South China Morning Post monetises international audience with 3-pronged mobile strategy
Ideas Blog | 03 February 2014
South China Morning Post (SCMP) has a product development strategy that guides priorities and evaluations, says Ben Abbotts, deputy director of digital business development.
The strategy is:
- To serve the latest news.
- To be quick to load.
- To be device agnostic.
Along with that, the Hong Kong-based media company seeks to provide its readers with an alternate way to consume news and participate by serving news based on social velocity: that which is most viewed, most shared, and most commented.
The company’s first priority was to optimise mobile. Launching in August, 2012, m.scmp.com catered to SCMP’s broad user base. News Pulse launched in June, 2013, to provide iPhone and Android users with a native experience that can be customised.
The reason for this strategy is that its core readership has been accessing SCMP.com at a dramatically increasing rate during the past year, Abbotts says.
“Currently 30% of our traffic is from smartphones,” Abbotts says. “With smartphone penetration in Hong Kong being one of the highest in the world and mobile data [being] relatively cheap, we need to make sure our audience is served on smartphones.”
Abbotts predicts it will take time before the company can draw any conclusions about the success of the two products. But he does believe growth in pageviews is a good indication things are going well.
The core content product, however, still holds 100% of the company’s focus, regardless of whether access comes via mobile Web or mobile app, Abbotts says: “We want to make sure these are done well first.”
SCMP does not have a specific smartphone strategy. Rather, it has chosen a broader mobile strategy, including the September, 2013, launch of the SCMP Tablet Edition, built as an HTML5 Web app.
What SCMP has learned from an audience engagement perspective is that smartphone users are very engaged at certain times of the day such as 7:00 a.m. to 9:00 a.m., at lunch time, and between 6:00 p.m. and 7:00 p.m. “We need to understand more and cater to their different needs in different times of the day,” Abbotts says.
Abbotts encourages others to adopt a device-agnostic approach as part of a strategy for mobile: “Given the proliferation of devices and screen sizes, providing a good and consistent user experience across an ever-expanding range of devices can be challenging — although one that we embrace.”
SCMP’s audience base has expanded, both locally and internationally, with the addition of smartphone access, Abbotts says. Prior to that, its international audience had no access. That audience can now turn to digital, mobile, and tablets to access SCMP’s high-quality content.
Currently, 30% of South China Morning Post’s traffic comes from smartphones, says Abbotts, who expects that number to reach approximately 40% in late 2014.
One of the trends and changes in market behaviours and technology opportunities is the continuous move to mobile and the opportunity that HTML5 gives publishers to take back control of user data — which Abbotts believes may be key as subscription-based models become more commonplace.
SCMP values content above all because that’s what readers are willing to pay for, says Sophia Yu, the company’s director of advertising and marketing solutions.

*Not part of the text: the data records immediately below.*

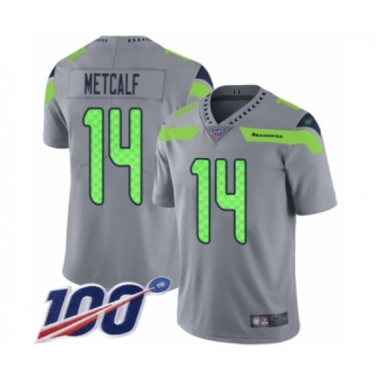 >Men's Seattle Seahawks #14 D.K. Metcalf Limited Silver Inverted Legend 100th Season Football Jersey
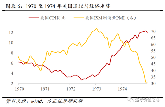但行政手段并没有一劳永逸地解决通胀问题,PPI和CPI同比在1972年四季度开始再度明显回升,与此同时美国经济在1973年年初开始见顶回落,各项经济增长指标均开始显著下行。因此,从1973年年初开始美国经济进入到了一个“经济下行、通胀上行”的阶段(参见图表6),与2022年当前的经济形势非常类似(参见图表3)。
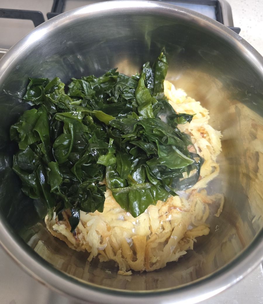 황태에서 고소한 향이 올라오면, 준비된 미역을 넣고 함께 볶아요.
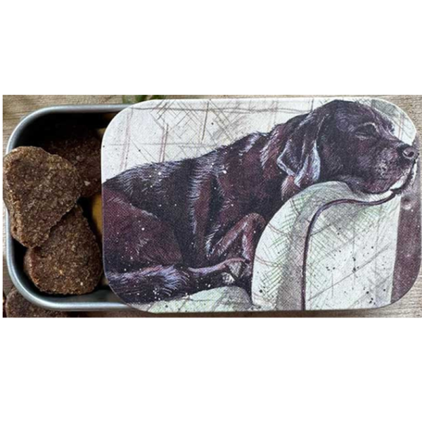 Plechová dózička s posuvným víkem, uvnitř nedělená. Vhodná na léky nebo malé bonbonky, motiv: pes; autorkou je anglická malířka Alex Clark, zn. ALex Clark Art
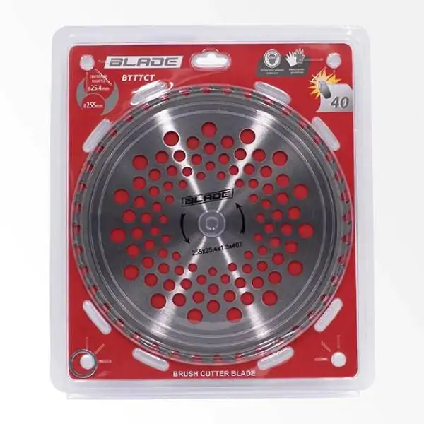 • Uvereni u snagu, efikasnost i dugovečnost, BLADE BTTCT kružna testera za trimer predstavlja profesionalno rešenje za najzahtevnije radove čišćenja terena i održavanja zelenih površina. Prečnika 255 mm i debljine 1,3 mm, sa otvorom od 25,4 mm, kompatibilna je sa većinom profesionalnih trimera i kosilica. Opremljena je sa 40 ojačanih zuba sa karbidnim vrhovima (TCT), zavarenih u ATB profilu, koji bez napora seku korov, žbunasto rastinje, grane do 10 cm debljine, kao i ratarske kulture poput soje i ječma. Brojni kružni otvori na telu diska obezbeđuju efikasno hlađenje i značajno smanjenje buke pri radu, dok završna obrada protiv korozije (nikl, hrom) produžava vek trajanja i održava sjaj sečiva. Idealan izbor za komunalne službe, poljoprivrednike i profesionalce koji zahtevaju brzinu, pouzdanost i čist rez.
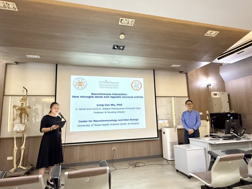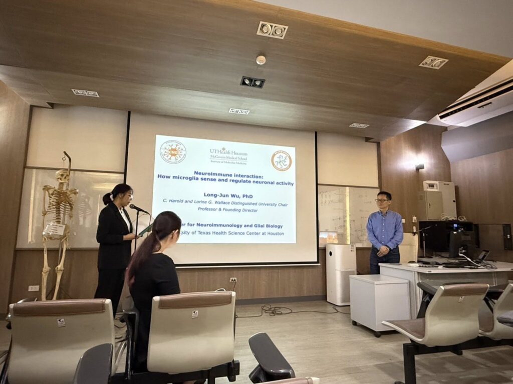 วันที่ 28 ตุลาคม 2568 ที่ผ่านมา ได้จัดการบรรยายพิเศษในหัวข้อ Neuroimmune interaction: how microglia sense and regulate neuronal activity โดย Distinguished University Chair Prof. Long-Jun Wu จาก University of Texas Health Science Center at Houston, Texas, USA โดยมี ผศ.ดร.รุ้งอุษา ปันตัน รองหัวหน้าภาควิชา เป็นผู้กล่าวเปิดงาน และมี ผศ. ดร. มนัสพร พัสระ เป็นผู้ดำเนินรายการ ณ ห้องบรรยาย 1 ภาควิชากายวิภาคศาสตร์ คณะแพทยศาสตร์ มหาวิทยาลัยเชียงใหม่
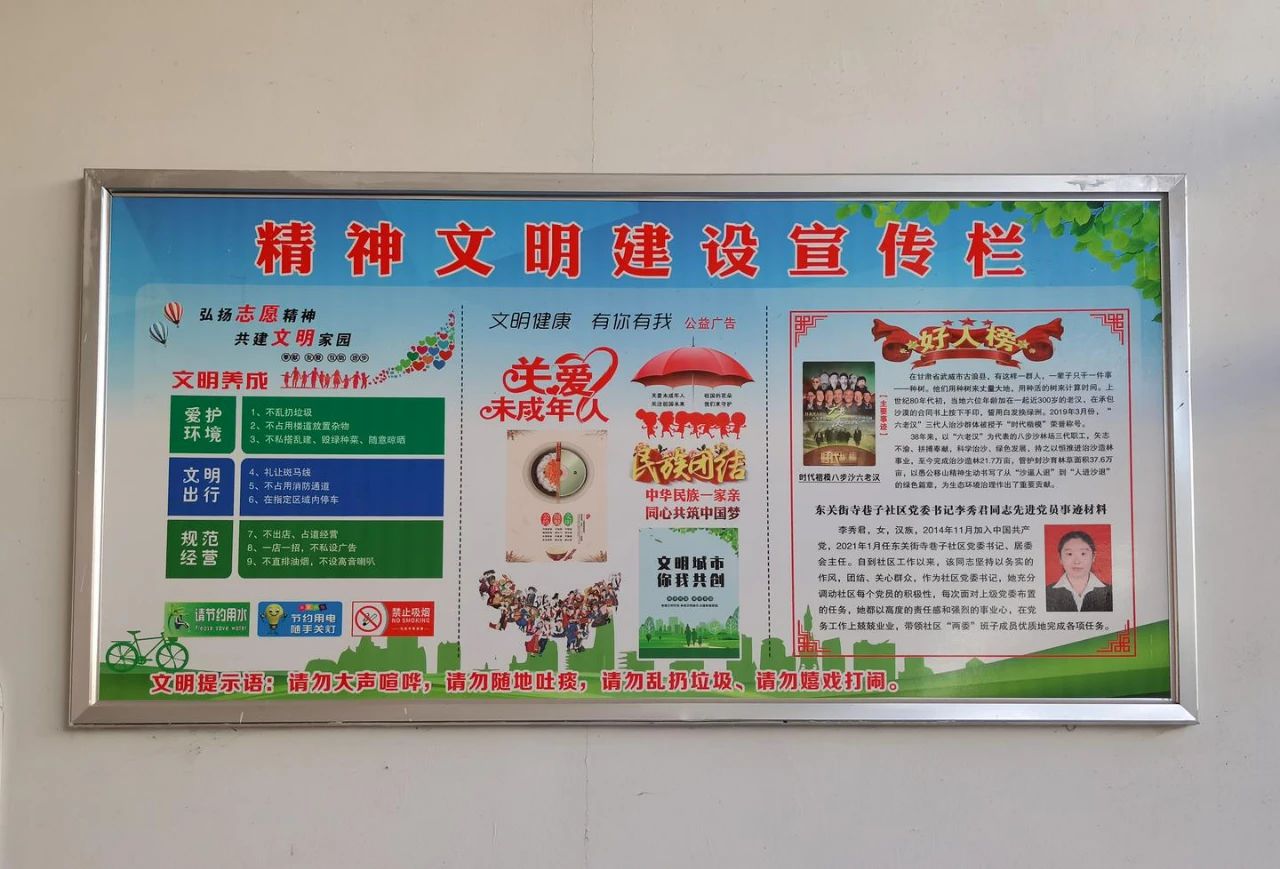东关街寺巷子社区持续大力开展精神文明创建活动,日常组织工作人员和志愿者深入居民楼院宣传宣讲,同时利用宣传栏、LED显示屏、海报、各类文化活动等载体加强宣传,让精神文明之风吹到了社区内的每一个角落。
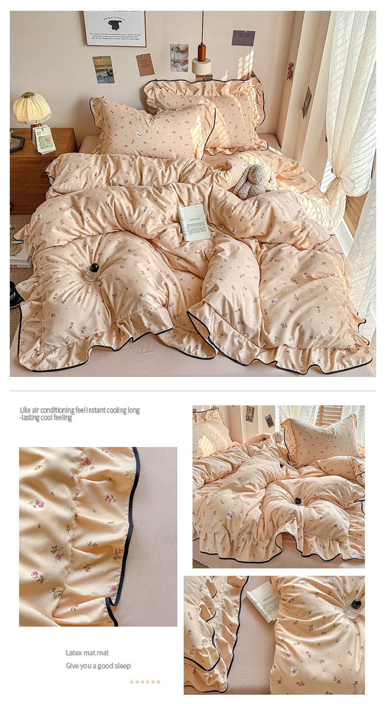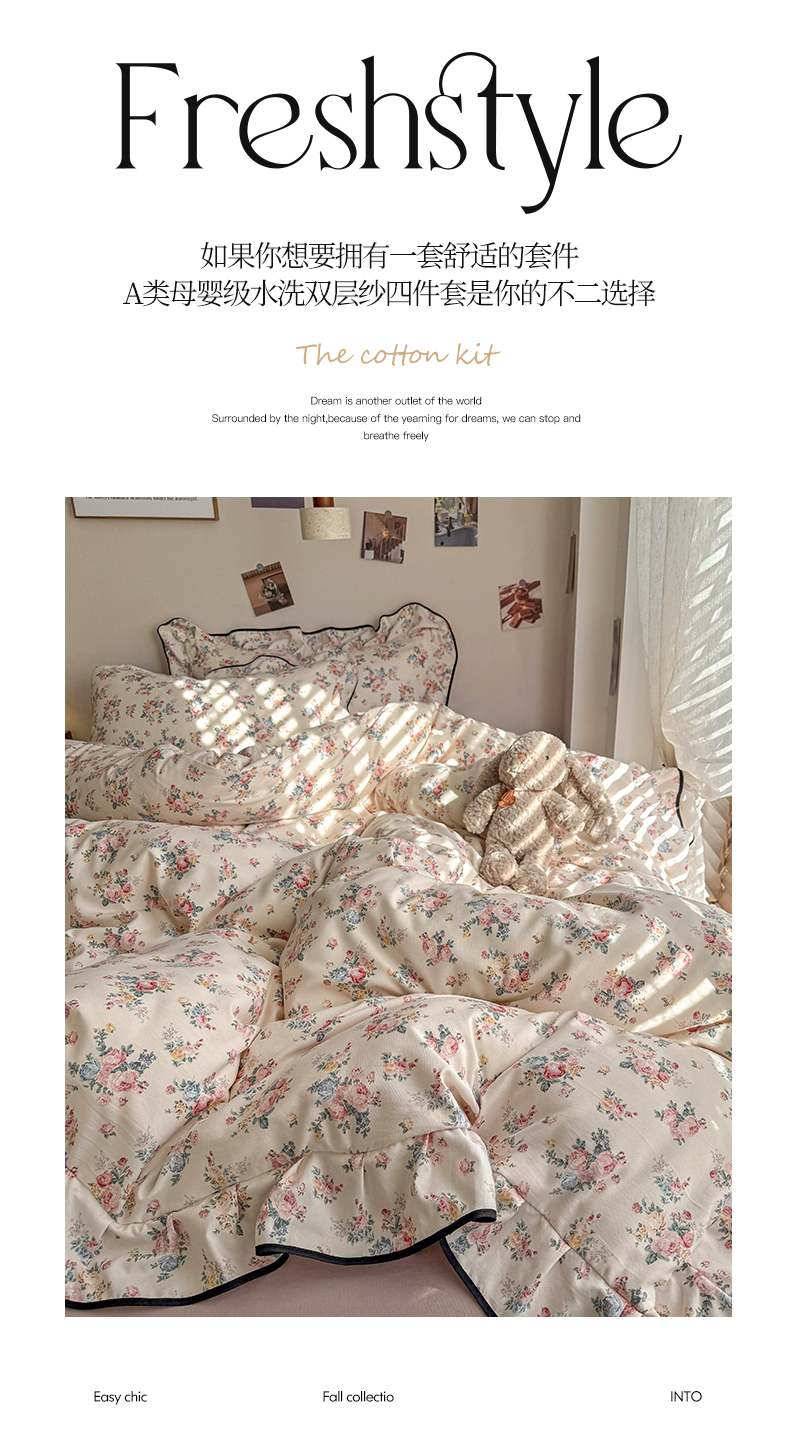 当前位置: 91家纺网 > 商品网购 > 床品套件 > 四件套 > 双层纱四件套 > 麦瑞家纺 2025新款A类韩版花边针织双层纱四件套 晨夕
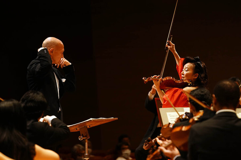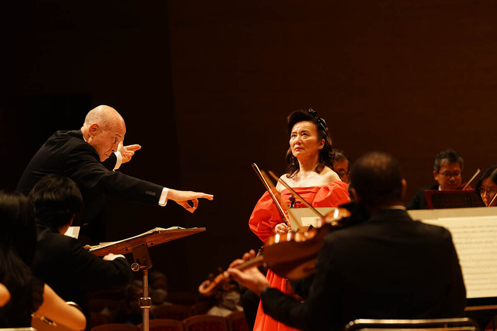 そして、これまた最高にリッチなお魚料理は、ヴァイオリン協奏曲の王様、ベートーヴェンの協奏曲です。井上道義マエストロがエスコートしてきたのは、目の覚めるような深紅のドレスに身を包んだ前橋汀子さん。曲にふさわしい女王の貫禄です。長いオーケストラ呈示部の間、体でリズムをとりながら曲に入っていき、いよいよソロの出を迎えると輝かしい第一音からぐいぐいと聴衆を惹きつけます。
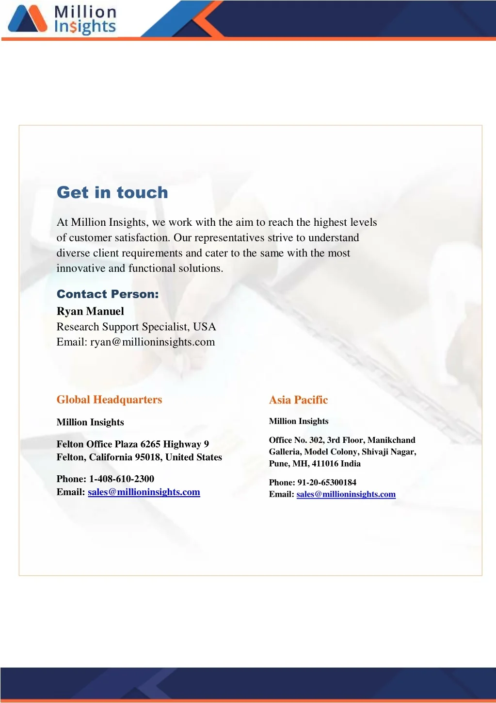 Get in touch At Million Insights, we work with the aim to reach the highest levels of customer satisfaction. Our representatives strive to understand diverse client requirements and cater to the same with the most innovative and functional solutions. Contact Person: Ryan Manuel Research Support Specialist, USA Email: ryan@millioninsights.com Asia Pacific Global Headquarters Million Insights Million Insights Office No. 302, 3rd Floor, Manikchand Galleria, Model Colony, Shivaji Nagar, Pune, MH, 411016 India Felton Office Plaza 6265 Highway 9 Felton, California 95018, United States Phone: 1-408-610-2300 Email: sales@millioninsights.com Phone: 91-20-65300184 Email: sales@millioninsights.com
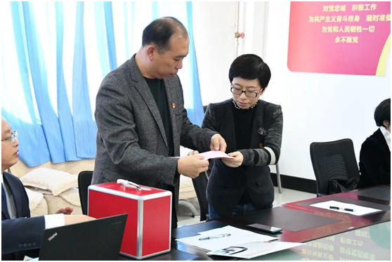 会议通过了王再堂同志为监票人,指定孔薇同志,苏扬同志为计票人。赵黎光同志宣读了中国共产党EMC易倍委员会书记、副书记候选人预备人选名单,会议表决通过人选名单。随后,会议以无记名投票、等额选举的方式,选举产生了公司党委书记、副书记。赵彦双同志当选为党委书记,许峰同志当选为党委副书记。
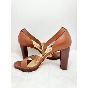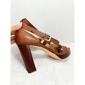 NINE WEST - FREYA, Dark natural GENUINE leather 4.75" platform sandals, SZ 10M
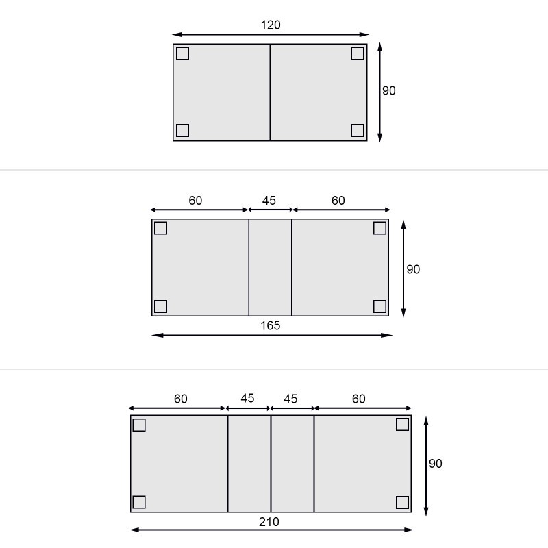 -  Misura aperto con due allunghe cm 210 x 90: spazio per 8 persone

Because of that, SCMP.com originally adopted a subscription-based model. It continues to monitor trends and gauge reader sentiment, which led the company to introduce a metered subscription model in August, 2012, to both SCMP.com and m.scmp.com.
Instead of charging subscribers for smartphone products (an optimised mobile version of scmp.com and mobile apps) alone, SCMP bundled them in a subscription package with SCMP.com. High-quality content engages readers, but needs to be offered on multiple platforms for one price, says Alex Ho, senior director, newspaper and recruitment services.
“Since we launched our smartphone products in June, our new subscriptions keep growing through different sources, not just from the mobile platform,” Ho says. “We believe the prevalent splintering of payments across platforms, for the same basic content, is a barrier for consumers.”
The other side of monetisation is display advertising, sponsored content and sessions, and rich media ads. Among the company’s smartphone-related revenue experiments are native app advertising, including full-page, interstitial, and banner advertising. Rich-media advertising on mobile is coming.
Executives at SCMP believe mobile Web and mobile apps for smartphones are a source of revenue that will grow significantly, though they won’t overtake the company’s Web site anytime in the next 12 to 24 months, Yu predicts.
Looking ahead, Yu believes the opportunities in smartphone product development in the next 12 months will be in responsive design, HTML5, and Augmented Reality/image recognition technology. During that same 12 months, smartphone monetisation opportunities for SCMP lie in e-commerce.
The trend that could affect the company’s strategic approach in this space would be devices with larger screens that would allow more responsive design and a better Web experience when compared to the desktop.